И тут вырвался из-под земли этот многоголосый крик.


– Ну всё, всё, – жалостливо приговаривала Саша, вытирая лицо Бориса голубым шарфиком, – ну всё. – И, встав рядом с ним на колени, вдруг прижала его голову к своей груди и принялась гладить по волосам. – Вы же сами хотели, это больно, всегда больно, только мы умеем…

– Не чувствовать? – спросил Борис.

– Не так, как вы.

– Не так сильно?

Сашина рука остановилась где-то в районе его затылка.

– Так, как они. Очень короткое время, но… мы умеем это выдерживать. Как будто умираешь, но в результате не умираешь. Я не знаю, как вам это объяснить…

– И надо ли. – Ирина стояла рядом, вытирая ладони о джинсы.

– А где это? – Борис посмотрел на то место, где еще недавно лежало то, что вырвалось из-под земли.

– Ивентаген? – Ирина уставилась с недоумением на свои руки. – Слышишь, Шура, ну кто бы мог подумать – обожглась… Там у нас где-то пантенол в бардачке был, глянешь? А ивентаген ваш вожделенный распался, отработал. Рассыпался. Как сгоревшая бумага. Извлеченные ивентагены долго не живут. В этом, конечно, их большой недостаток.


Возвращались молча, Саша – за рулем, Ирина пристроилась в уголке на заднем сиденье. Борису казалось, что она спит, положив обожженную руку себе на живот. Ему хотелось поблагодарить сестер, но он не понимал, уместно ли. И совсем не понимал, как относиться к увиденному – вот он стал свидетелем чего-то, что ни в какие рамки не помещалось. И его новые знакомые только и делают, что вскрывают эти запечатанные временем воронки боли и ужаса. Как консервные банки. У них, видите ли, такая работа.

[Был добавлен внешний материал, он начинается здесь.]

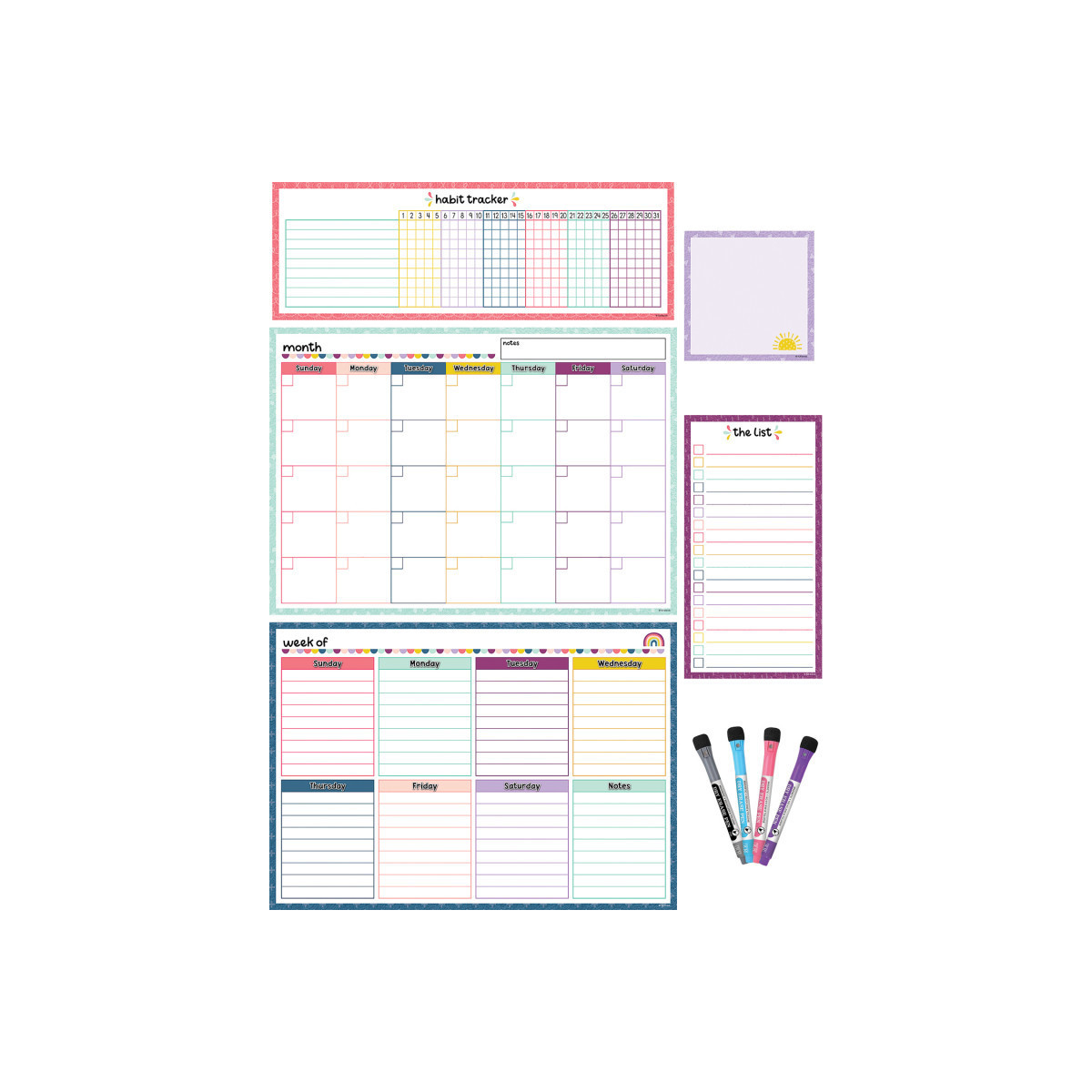 Keep track of important dates, activities, and tasks with this write-on/wipe-off dry-erase magnetic calendar set. Organize your busy schedule by filling in the monthly and weekly calendar charts. Use the habit tracker to stay on top of daily routines like exercising and practicing a skill. For notes and reminders, use the list or the square note to keep track of what you need or quickly get your point across. Use on refrigerators, whiteboards, lockers, metal desks, metal shelves and more. Includes 4 dry-erase pens in black, blue, pink, and purple. This set includes 17" x 12" monthly calendar, 17" x 12" weekly calendar, 16.75" x 5.75" habit tracker, 5.75" x 11" list, and 5.425" x 5.425" square note.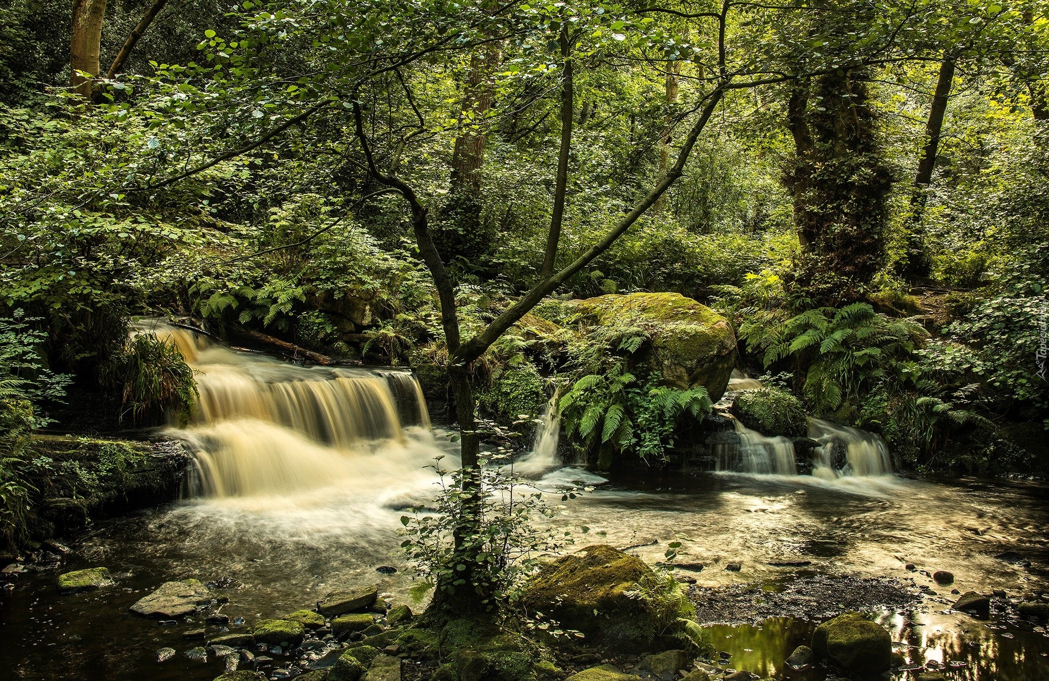 Edytor tapety: Leśny wodospad spływający po kamieniach między roślinami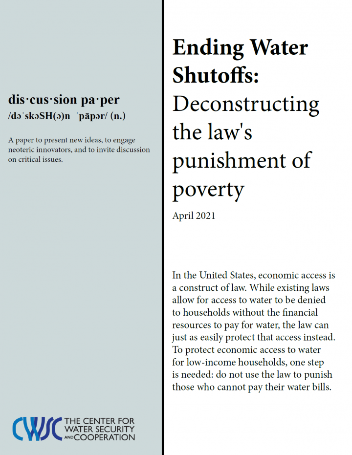 The Center for Water Security and Cooperation (CWSC) recently published two discussion papers analyzing access to water and sanitation. One paper sets forth a global definition of "Access" to water and sanitation to chart a path for lasting progress. The second paper makes the case for repealing laws in the United States that allow water to be shut off to low-income households for their inability […]

– Ивентаген, – подала голос Ирина, не открывая глаз, – это слепок события, информационное тело. Если бы вы пришли с лопатой и начали там копать, вы ничего не выкопали бы, это вы понимаете? Даже если бы прокопали до центра Земли.

– Ну а вы как же?..

– А мы его подтягиваем. – Ирина открыла глаза, нашарила где-то сбоку бутылочку с минералкой. – Воды хотите?

– Очень, – признался Борис. – Как подтягиваете?

– Мы разговариваем, вы же видели. Со свидетелями, очевидцами: с камнем, с прахом, с золой. С органикой всевозможной, да и с неорганикой тоже. Так поднимаем ивентагены. Их можно читать, слушать. Самые сохранные можно даже смотреть. Извините, что выбрали для вас такой драматический участок, но иначе не так понятно. Мы с Сашей, в частности, и на Ходынском поле работали, и в Ипатьевском подвале… Вот на перевал Дятлова нас Георгий не пускает, там за последние тридцать лет несколько наших погибли. А Шурка просится, ей этот перевал покоя не дает.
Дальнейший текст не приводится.